IF 2.3 4区 医学 Q2 HEALTH POLICY & SERVICES Pub Date : 2025-01-17 DOI: 10.1093/heapro/daae203
Inga Jagemann, Christian Thiele, Ruth von Brachel, Gerrit Hirschfeld

Patient health literacy is crucial for effective patient-physician communication, and interventions targeting health literacy can use measures based on either actual performance (competence) or self-ratings (confidence). This paper analyzed the development of these measures through three studies. Study 1 reviewed articles describing the development of novel measures; Study 2 examined the citations of these studies, and Study 3 evaluated data from clinical trials registries. The literature search was conducted from 14 April 2023 to 27 April 2023. PubMed was used as the main database in which studies on health literacy measures were searched for the systematic review (Study 1). We then used Google Scholar and the OpenCitations database to describe citation patterns of the included health literacy measures (Study 2). Finally, we evaluated confidence- or competence-based health literacy measures by extracting and analyzing trial data from ClinicalTrials.gov (Study 3).

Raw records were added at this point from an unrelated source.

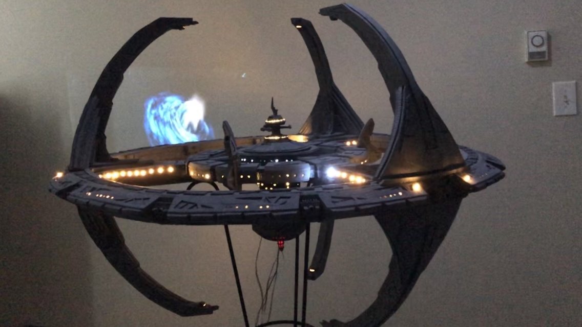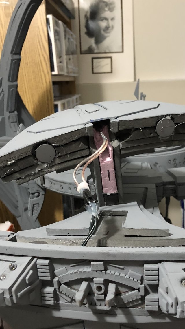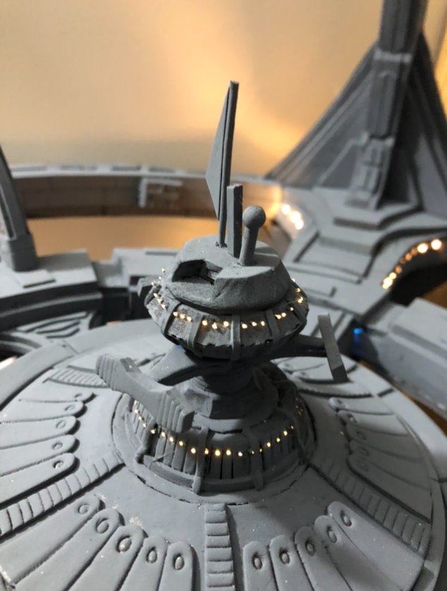 For the display stand we were lucky enough to find on one of our many thrift store hunts, a three legged flower pot stand. That when turned upside down works pretty well to display the station on. We also bought a cheap $40 projector and edited a video of the Wormhole opening and closing and use this as part of our display. As always we try and keep the costs of our builds to less than $200 CDN. For the small details we use anything and everything. Paper clips, toothpics, small scraps of plastic, you name it. Sometimes we even just use the reverse side of the EVA foam that has a detail on it.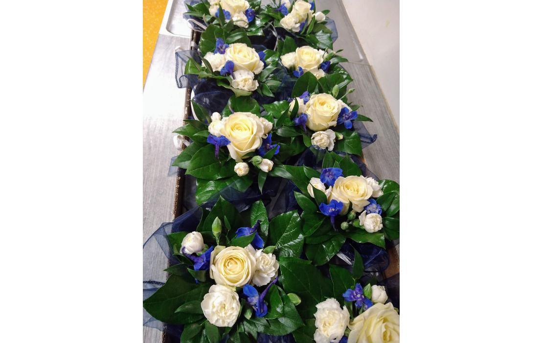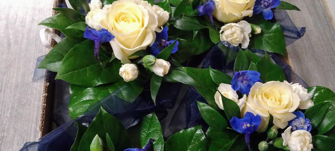 Muistotilaisuuden kukat Sini-valkeat asetelmat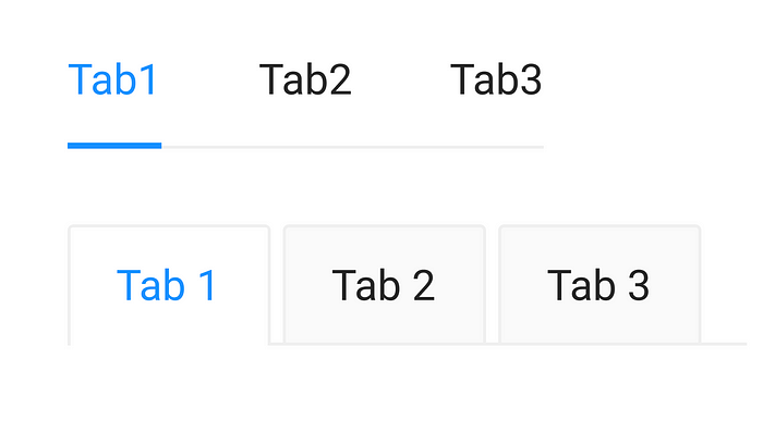 탭에는 항상 두 개 이상의 항목이 포함되며 한 번에 하나의 탭만 활성화됩니다. 탭의 시각적 스타일은 다양할 수 있지만 다음은 가장 일반적인 두 가지 스타일입니다.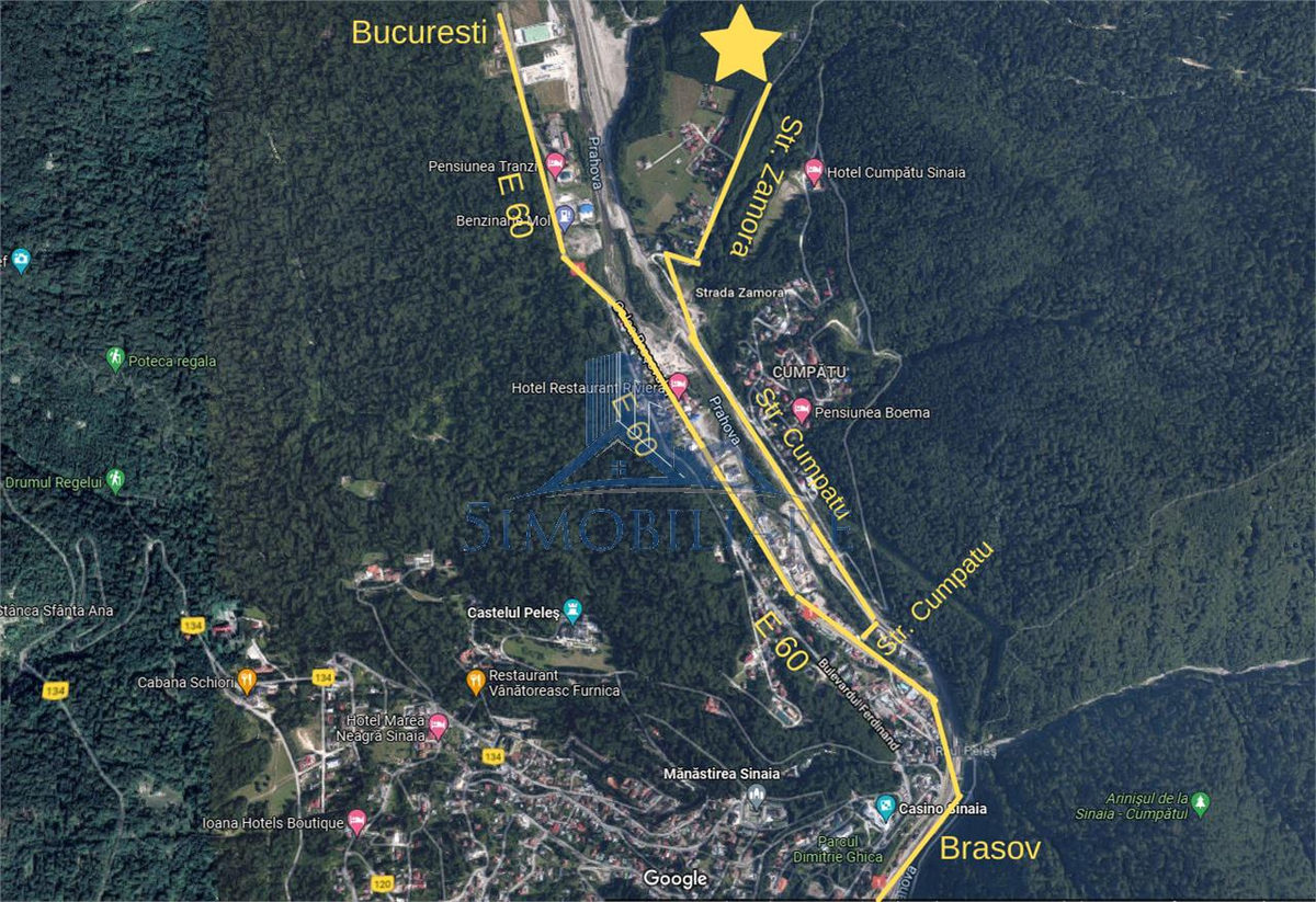 Terenul este situat pe Strada Zamora, Sinaia si este inconjurat de o multitudine de pensiuni noi construite.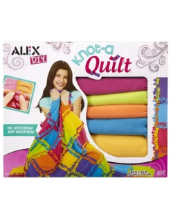 Alex DIY Knot-A-Quilt Kit is an easy way to instantly create a super soft quilt. There is absolutely no cutting, sewing or knitting involved! Simply tie the pre-cut fringe squares together one by one. The fleece squares come in 6 bright colors. Kids will be able to knot a 3.5 foot by 4.5 foot quilt in no time! Includes 48 fringed 9 inch squares.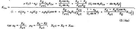 Таким образом, в каждом конкретном режиме регулируемая машина может быть замещена нерегулируемой, у которой обеспечивается постоянство эдс за сопротивлением Хр. Будем считать, что за счет ручного или медленного астатического регулирования обеспечивается одно и то же значение Uг и величина Eq в (3.11) соответствует этому значению. Отсюда следует, что при заданном коэффициенте усиления К0u величина Хр в общем случае не постоянна, а зависит от параметров режима.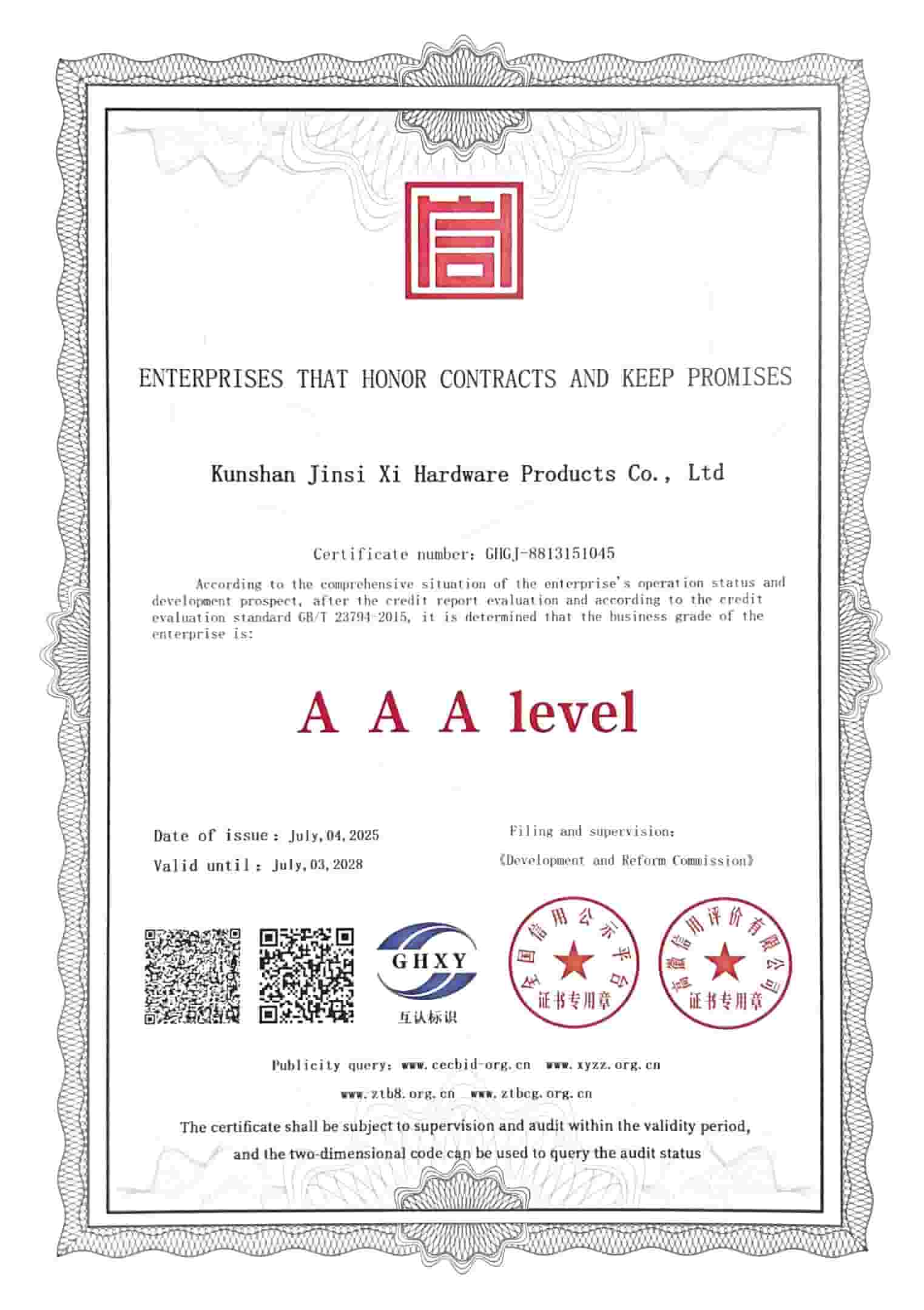 Kunshan JINSIXI Metalware Co., Ltd. has been officially awarded the title of " AAA level Enterprises that Honor Contracts and Keep Promises ". JINSIXI has always been adhering to the business philosophy of "unity and cooperation, diligence, pursuit of excellence and perfection", operating with integrity, providing customers with high-quality services, and ultimately achieving "perfect fulfillment".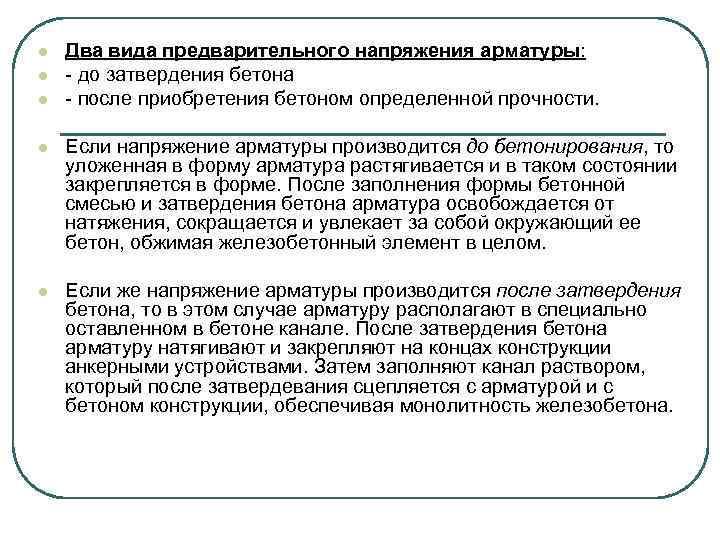 l l l Два вида предварительного напряжения арматуры: - до затвердения бетона - после приобретения бетоном определенной прочности. l Если напряжение арматуры производится до бетонирования, то уложенная в форму арматура растягивается и в таком состоянии закрепляется в форме. После заполнения формы бетонной смесью и затвердения бетона арматура освобождается от натяжения, сокращается и увлекает за собой окружающий ее бетон, обжимая железобетонный элемент в целом. l Если же напряжение арматуры производится после затвердения бетона, то в этом случае арматуру располагают в специально оставленном в бетоне канале. После затвердения бетона арматуру натягивают и закрепляют на концах конструкции анкерными устройствами. Затем заполняют канал раствором, который после затвердевания сцепляется с арматурой и с бетоном конструкции, обеспечивая монолитность железобетона.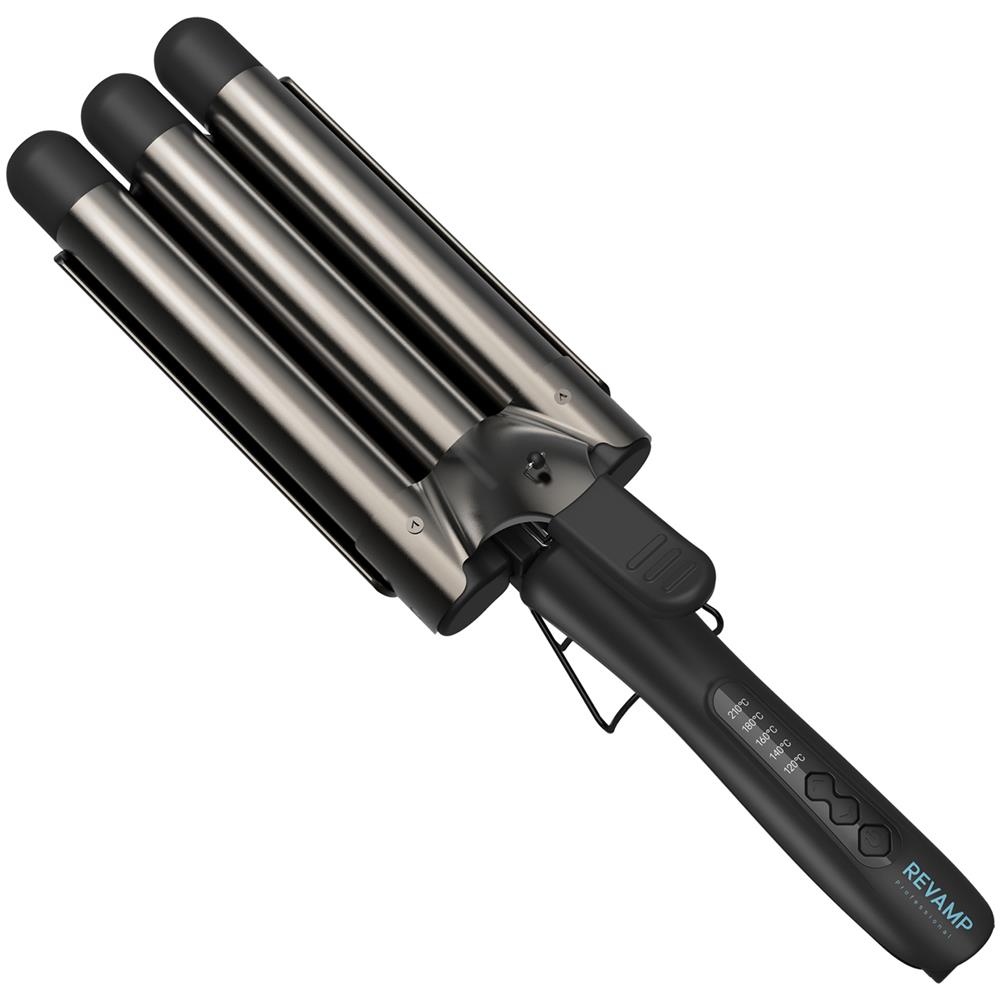 Revamp Styler Arricciacapelli Progloss Deep Beach Waver. Tipo: Piastra texturizzante, Tecnologia: Caldo, Tipo di controllo: Pulsanti. Colore del prodotto: Nero. Lunghezza cavo: 3 m, Spegnimento automatico dopo: 60 min. Alimentazione: AC. Colore cavo: Nero

Our review included 55 health literacy measures, among which 23 (42%) were competence-based, 28 (51%) confidence-based, and 4 (7%) assessed both. Recent trends show a shift toward developing more confidence-based measures and a decline in creating new competence-based measures. Confidence-based measures were increasingly cited, whereas citations for competence-based measures have plateaued. Lastly, our findings showed a steady increase in the use of confidence-based measures in recent clinical trials and a decrease in the use of competence-based measures when controlling for sample size. This shift may be problematic because confidence-based measures do not improve our limited knowledge about patients' actual ability to meet demands of shared decision-making, especially regarding new technologies like artificial intelligence in healthcare.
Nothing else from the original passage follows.